▸ **INPUT RECORDS**:

===

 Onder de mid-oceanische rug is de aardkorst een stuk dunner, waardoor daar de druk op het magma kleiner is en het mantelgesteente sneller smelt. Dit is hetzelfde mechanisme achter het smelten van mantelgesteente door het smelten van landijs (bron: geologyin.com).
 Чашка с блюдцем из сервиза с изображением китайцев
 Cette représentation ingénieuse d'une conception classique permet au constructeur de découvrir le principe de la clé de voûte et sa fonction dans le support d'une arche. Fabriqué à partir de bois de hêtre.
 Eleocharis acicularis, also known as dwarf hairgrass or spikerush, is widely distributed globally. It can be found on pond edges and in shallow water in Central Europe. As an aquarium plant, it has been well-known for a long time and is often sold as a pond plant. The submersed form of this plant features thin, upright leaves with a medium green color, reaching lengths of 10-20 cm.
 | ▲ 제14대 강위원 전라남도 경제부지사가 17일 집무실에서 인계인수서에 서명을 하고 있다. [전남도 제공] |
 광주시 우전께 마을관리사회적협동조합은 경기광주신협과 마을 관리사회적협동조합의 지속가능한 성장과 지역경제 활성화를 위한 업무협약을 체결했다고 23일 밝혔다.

===

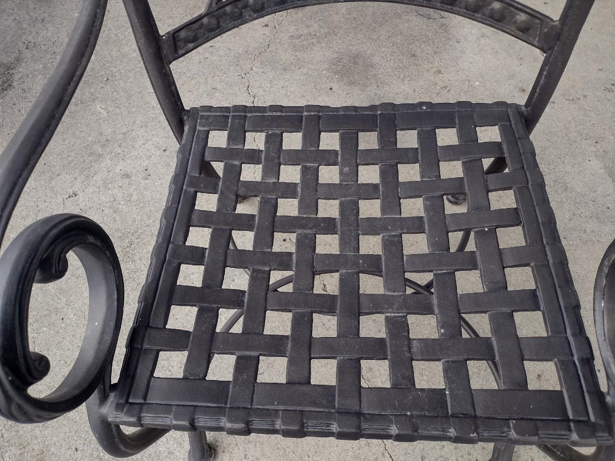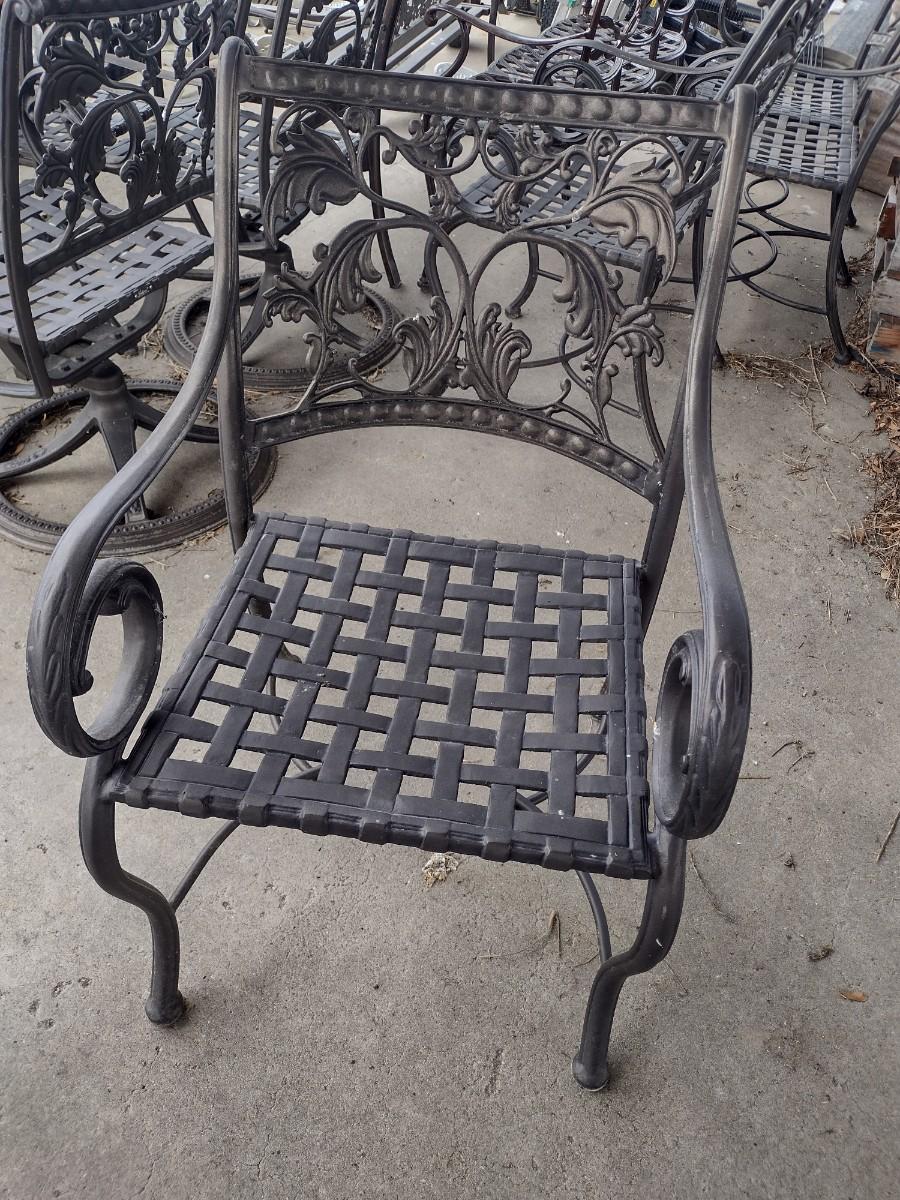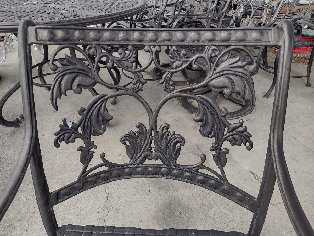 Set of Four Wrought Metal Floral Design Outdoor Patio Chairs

===

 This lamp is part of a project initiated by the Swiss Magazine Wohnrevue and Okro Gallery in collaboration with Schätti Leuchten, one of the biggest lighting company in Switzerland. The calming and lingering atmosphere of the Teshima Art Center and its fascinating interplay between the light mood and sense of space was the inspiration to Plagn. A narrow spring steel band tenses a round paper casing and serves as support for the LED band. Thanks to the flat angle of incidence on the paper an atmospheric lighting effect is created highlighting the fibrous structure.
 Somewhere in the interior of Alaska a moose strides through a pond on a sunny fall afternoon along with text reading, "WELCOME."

===

▸ **WORK TO BE COMPLETED**:
In the listing above, find the line containing "Onder de mid-oceanische" and the line containing "Cette représentation ingénieuse". Output them and every line between, exactly, and nothing else.

▸ **EXERCISE OUTPUT**:
 Onder de mid-oceanische rug is de aardkorst een stuk dunner, waardoor daar de druk op het magma kleiner is en het mantelgesteente sneller smelt. Dit is hetzelfde mechanisme achter het smelten van mantelgesteente door het smelten van landijs (bron: geologyin.com).
 Чашка с блюдцем из сервиза с изображением китайцев
 Cette représentation ingénieuse d'une conception classique permet au constructeur de découvrir le principe de la clé de voûte et sa fonction dans le support d'une arche. Fabriqué à partir de bois de hêtre.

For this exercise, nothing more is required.